Juno hopes that his perspective as a young trans person could contribute a unique artistic voice to the conversation and help others view change towards a just world as a positive using their lived experience with transition.

Past Artists in Residence

November/December 2021 & January 2022 – Ellie Niakan & Catherine Chan

We are an artist team comprised of Ellie Niakan, a Certified Lighting Designer and Head of Integral Light Studio Canada, and Catherine Chan, a professional visual artist. We work collaboratively at the intersection of art and light, bringing complementary experiences and expertise in visual art, lighting design, photography, ecology and sustainable design.

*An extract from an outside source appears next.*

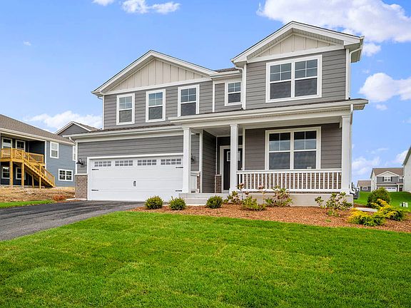 Imagine yourself at 3655 Ancient Oak Drive in Elgin, Illinois, a beautiful new home in our Highland Woods community. This home will be ready for a winter move in! This large, scenic homesite includes Hardie siding, a front porch with railings, and fully sodded yard. The Coventry plan offers 2,932 square feet of living space, including 4 bedrooms, 2.5 baths, 9-foot ceilings on the first floor, a look-out basement, and 2-car garage. Entertaining will be easy in this open-concept kitchen and family room layout with a large kitchen island with an overhang for stools, 42-inch designer white cabinetry with crown molding and soft close drawers. Additionally, the kitchen features a butler's pantry, modern stainless-steel appliances, quartz countertops, and easy-to-maintain luxury vinyl plank flooring. More flexible space is waiting upstairs in the 2nd floor loft, offering unlimited potential to suit your needs. Enjoy your private getaway in the primary bedroom with a large walk-in closet and private bath featuring a raised dual bowl vanity, luxury vinyl plank floors, quartz vanity top, large shower with tiled walls, and a linen closet. Convenient walk-in laundry room, 3 additional bedrooms with a full second bath, and a linen closet compete the second floor. All Chicago homes include our America's Smart Home Technology, featuring a smart video doorbell, smart Honeywell thermostat, Amazon Echo Pop, smart door lock, Deako smart light switches and more. Photos are of similar home and model home. Actual home built may vary

Ellie Niakan is an internationally recognized, award-winning Certified Lighting Designer trained at The University of Applied Science in Germany. With over 17 years of experience, she leads Integral Light Studio Canada at Integral Group with passion and creativity, harnessing the power of light to create expressive designs that blend aesthetics and function.

Ellie is the first in Canada to have earned the International Lighting Designer Certification and is among a select few worldwide that have achieved the distinction of Certified Lighting Designer (CLD). Ellie has led and worked corroboratively on a variety of projects, including public art, cultural, recreational, residential, commercial, and urban lighting design. Having worked closely with international architects and designers across the globe, her expansive portfolio includes work from Germany, England, USA, and Canada.

Catherine Chan is a professional visual artist whose work reflects upon themes of social and environmental sustainability, impermanence, and the human experience of change on different timescales. Catherine is a graduate of Emily Carr University of Art + Design in Vancouver with a BFA in Photography.

Prior to attending art school, Catherine completed her Honours Bachelor of Science degree at the University of Toronto in Biogeography and Physics, and a Master of Science degree at the University of Guelph in Soil Science. She was a research scientist studying soil ecology and biochemistry, and her experiences in the natural sciences continue to inform her practice.

June/July/August 2021 – Gordon Smithers

I am a local musician who draws. I approach art like I approach music – I am purposefully inconsistent, always looking, listening, learning and experimenting. It interests me that both art and music predate language and are hardwired in humanity’s DNA.

I am practice mostly pen-and-ink and gauche, although I will use any medium to make marks. I am untrained, but have been schooled in a self-directed immersion in art. My influences are eclectic: Aubrey Beardsley, the Surrealists, the clean lines of Art Deco illustration, underground comix artists like R. Crumb, Rick Griffin and Basil Wolverton, outsider art, Pop Art and advertising.

Through my visual study of diverse images, I have found my own way of working. I intentionally let go of the conventions of realism to incorporate intuition rather than overthinking or exerting too much control on the results. This is what makes my art visceral, surprising, and sometimes unsettling.

I am also fascinated by Form Constants or entoptic geometry (the geometric patterns observed during altered states of consciousness). The forms are spirals, cobwebs, lattices, and tunnels. These are recurring, almost obsessive forms, patterns, and shapes that have been with us since we dwelled in caves. They hold significant clues to the circuitry of the brain and the visual cortex. The neural network seems to have an underlying mathematics.

As a musician that draws, I have created covers for CDs and for BC Musician, posters and handbills, and I have illustrated a book. My art was exhibited at the Heritage Grill in New Westminster, where my bands regularly play.
For me, the value of art is as a distraction from everyday banality. It can provoke wonder and it can unsettle peoples usual expectations and perceptions, waking them up to new ways of seeing.